Recorded data
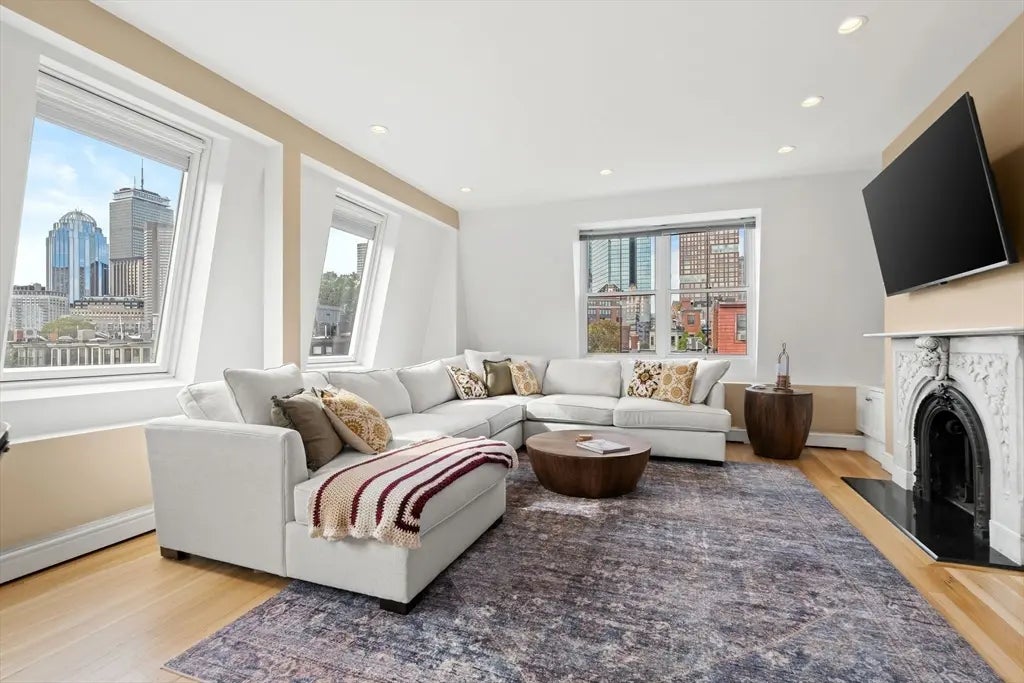 This PH duplex offers 3 exposures providing tremendous light, openness, & soaring city views. The open concept living & dining areas feature 6 updated windows, built-in shelving, & a fireplace with a restored marble mantle. The new kitchen features floor-to-ceiling windows, custom cabinetry, quartz counters, a Thermador gas range, microwave, & dishwasher, a Sub-Zero refrigerator, & a breakfast bar. The primary bedroom has a corner exposure & an exposed brick wall. The second bedroom has built-in shelving, a large closet, & a W/D. Completing this floor is a full bath with a custom vanity, a soaking tub, and a tiled shower. A special feature of this penthouse unit is the head house/ office leading to the oversized private roof deck. Other features include: refinished HW floors, new forced air heating/cooling, recessed lighting, & interior paint. This professionally managed condo is just steps from shops, restaurants, rental garage parking, public transportation, & all Boston offers.
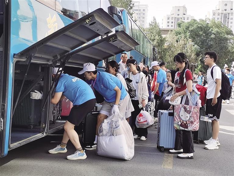 在城關(guān)校區(qū)校車接駁點,金師傅一刻不停地忙碌著。在他和同事們的通力協(xié)作下,一輛輛大巴有序地停靠到接駁點,大家手腳麻利地與志愿者配合,將新生們的行李物品裝車后,引導(dǎo)大家上車,然后將新生和家長送往榆中校區(qū)。“我們后勤保障部這次總共組織了大小車輛71輛,按照學(xué)校部署在各迎新點負(fù)責(zé)迎接和運輸新生家長。為了保障路面暢通,我們與交管部門也都事先進行了溝通,確保新生安全、快速入校報到。”金師傅說。
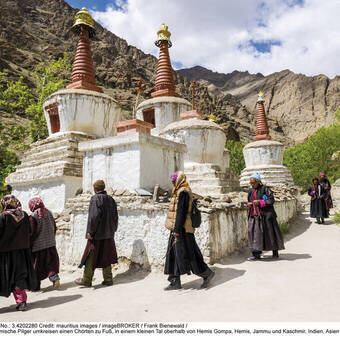 Ladakh begeistert mit grandioser Hochgebirgslandschaft sowie den typischen Klöstern und Gompas, die oft bizarr in Bergflanken gebaut sind. IKARUS TOURS war einer der Pioniere in Ladakh, das seit 1974 für ausländische Besucher zugänglich ist. Eine Reise in diese Region gilt als eines der unvergesslichsten Erlebnisse im Reiseleben. Die Geschichte Ladakhs ist eng mit der Tibets verknüpft, und prägt die Kultur der gesamten Himalaya-Region. Der tibetische Buddhismus ist hier lebendig, sichtbar in den zahlreichen bewirtschafteten Klöstern. Nur in diesen Hochtälern an der chinesisch-tibetischen Grenze blieb der tibetische Buddhismus bis heute erhalten. Zudem ist das beeindruckende Nubra-Gebiet seit 1994 für ausländische Gäste zugänglich.
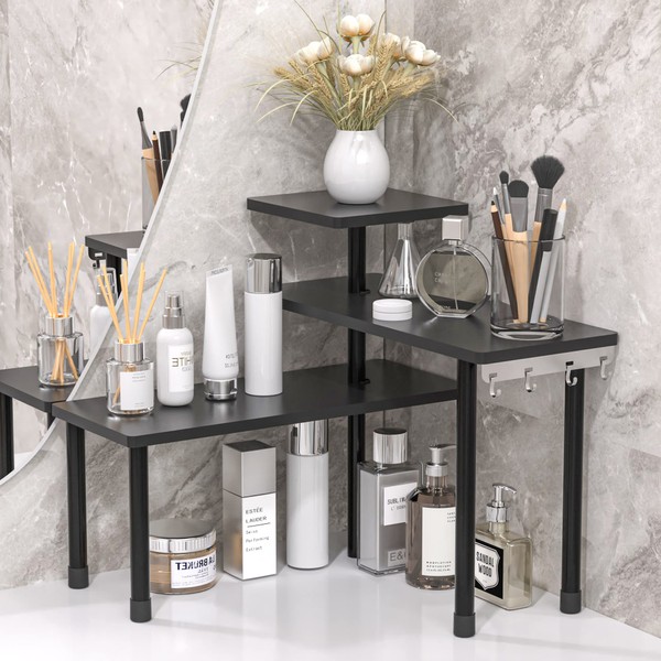 - MULTIFUNCTIONAL COUNTER ORGANIZER: The corner bathroom shelf organizer with black color be can perfect as makeup organizer shelf, vanity organizer, sink side counter shelf, bathroom shelf organizer, kitchen countertop organizer, plant display stand, desktop shelf which is a real hero that make your home well organized.
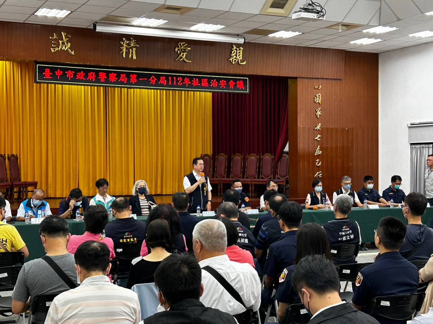 臺中市政府警察局第一分局積極推動「社區警政再出發」工作,提升警民合作效能,日前舉行112年度社區治安座談會議,由中市警一分局長吳燕山親自主持、中市警局副局長魏慶賢親臨列席指導,並邀請轄區立法委員、市議員等民意代表、臺中地檢署檢察官、地方仕紳、區里鄰長等近200位貴賓共襄盛舉,就現階段警政署所推動「社區警政再出發」及「清源專案2.0」治安工作加強行銷,期以強化社區友善通報網,就打詐、反毒展開積極作為;另針對112年「臺中好行 你我同行」行人正義大執法,相關重點工作項目進行宣導,不啻藉由座談會宣示社區反毒及打擊詐欺之決心,更透過多部生動宣導影片讓與會貴賓瞭解當前治安與交安執行方向,互動交流,強化合作。
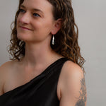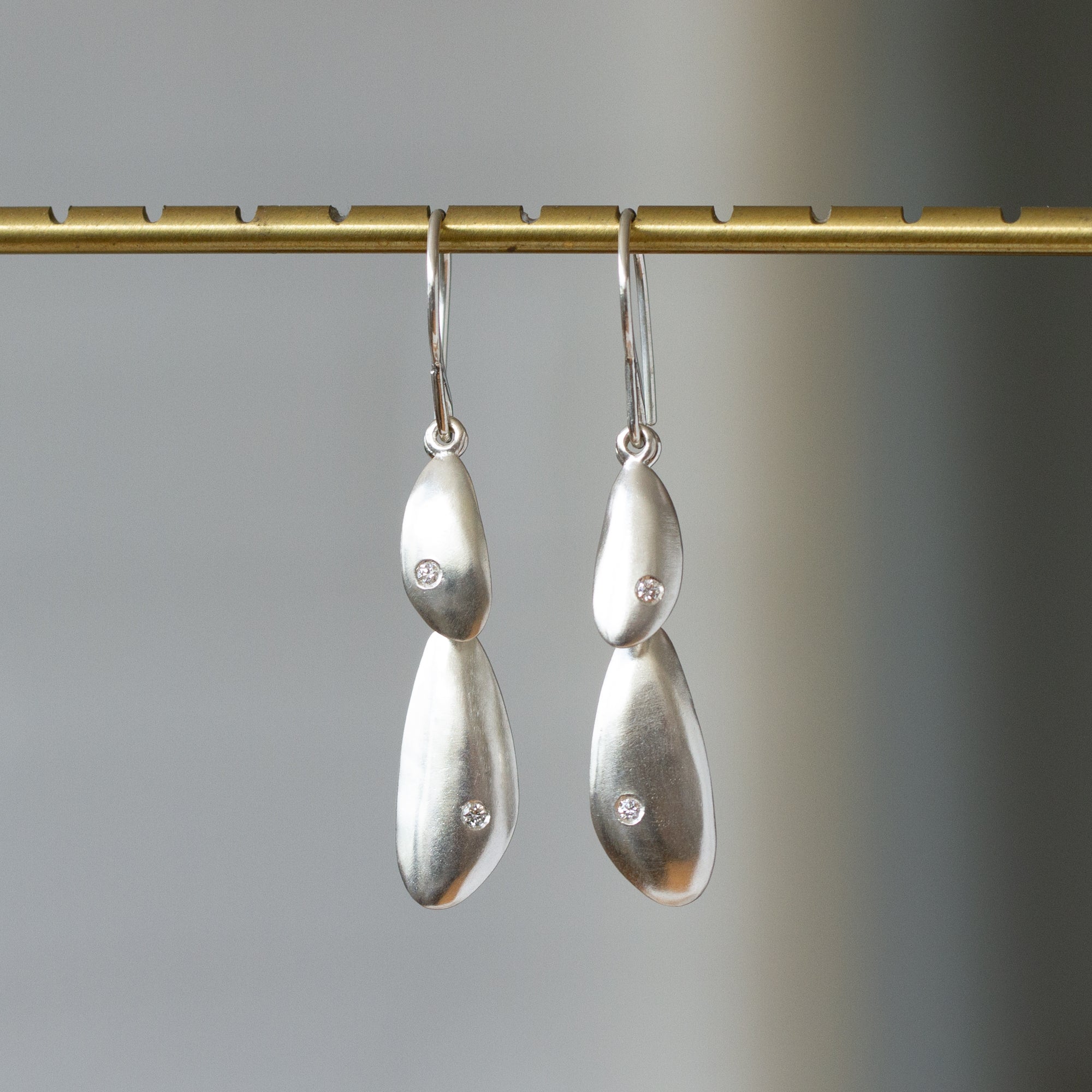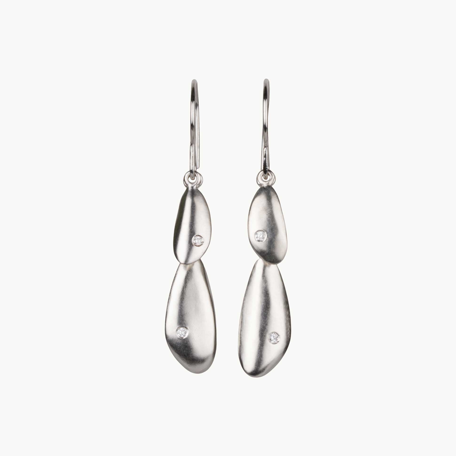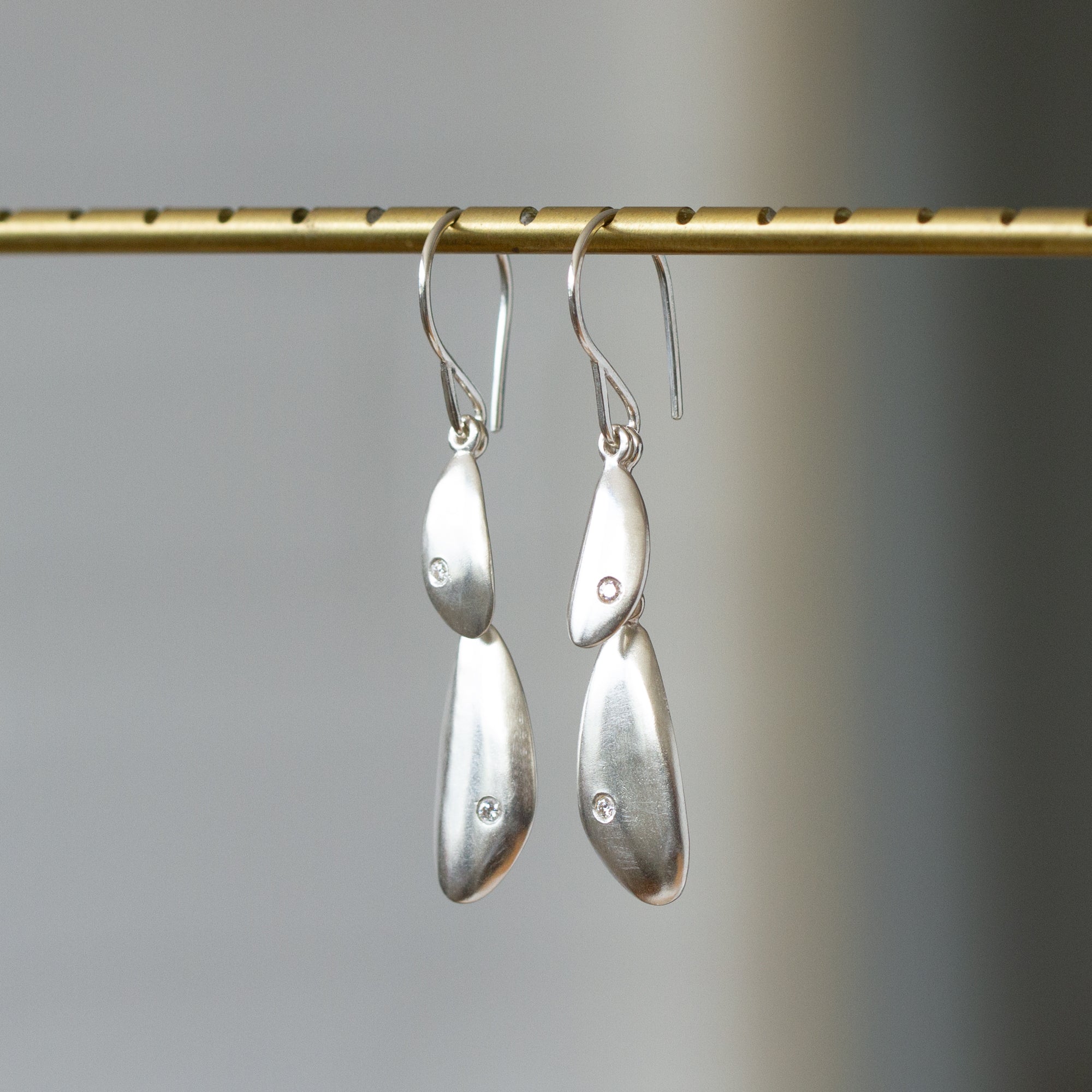 These hand-carved Stacked Pebble earrings dance with every movement, layering our signature river stone forms in a playful cascade. Two organic pebbles overlap gracefully, each dotted with a flush-set recycled diamond that catches the light at different angles as you move. Their fluid motion mimics the way stones tumble in flowing water, creating an ever-changing display of sparkle and shadow. Perfect for adding gentle movement to your look at gallery openings or dinner with friends. The overlapping forms create visual depth while maintaining the tactile quality that makes you want to reach out and touch them.
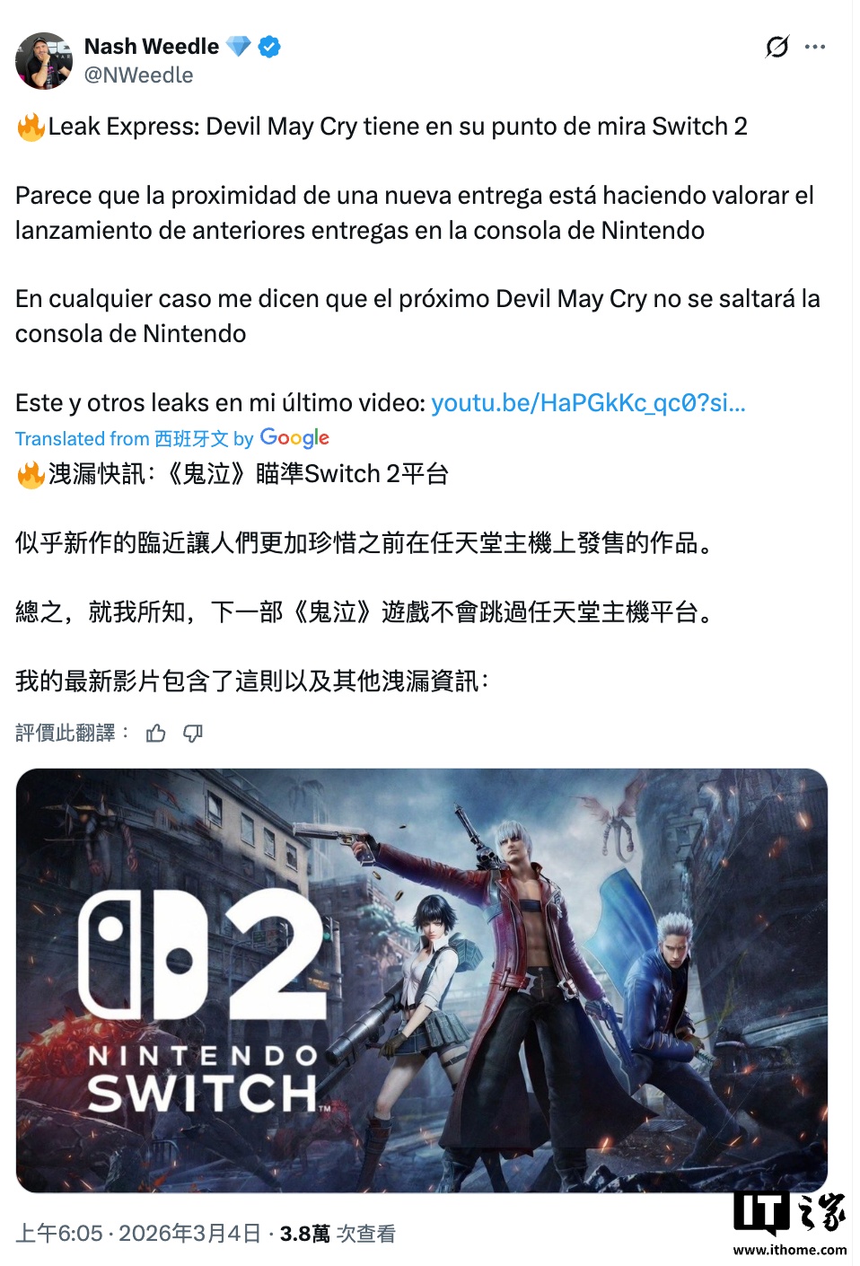 Nash Weedle 对此表示,《鬼泣》的下一部新作不会跳过任天堂平台,而是计划登陆 Switch 2,并且卡普空还在考虑把前两作补上。

## Task instructions
Please print the lines above word for word, starting at the one with "- MULTIFUNCTIONAL COUNTER" and ending at the one with "臺中市政府警察局第一分局積極", both included, and without any picture.

## Exercise response
 - MULTIFUNCTIONAL COUNTER ORGANIZER: The corner bathroom shelf organizer with black color be can perfect as makeup organizer shelf, vanity organizer, sink side counter shelf, bathroom shelf organizer, kitchen countertop organizer, plant display stand, desktop shelf which is a real hero that make your home well organized.
 臺中市政府警察局第一分局積極推動「社區警政再出發」工作,提升警民合作效能,日前舉行112年度社區治安座談會議,由中市警一分局長吳燕山親自主持、中市警局副局長魏慶賢親臨列席指導,並邀請轄區立法委員、市議員等民意代表、臺中地檢署檢察官、地方仕紳、區里鄰長等近200位貴賓共襄盛舉,就現階段警政署所推動「社區警政再出發」及「清源專案2.0」治安工作加強行銷,期以強化社區友善通報網,就打詐、反毒展開積極作為;另針對112年「臺中好行 你我同行」行人正義大執法,相關重點工作項目進行宣導,不啻藉由座談會宣示社區反毒及打擊詐欺之決心,更透過多部生動宣導影片讓與會貴賓瞭解當前治安與交安執行方向,互動交流,強化合作。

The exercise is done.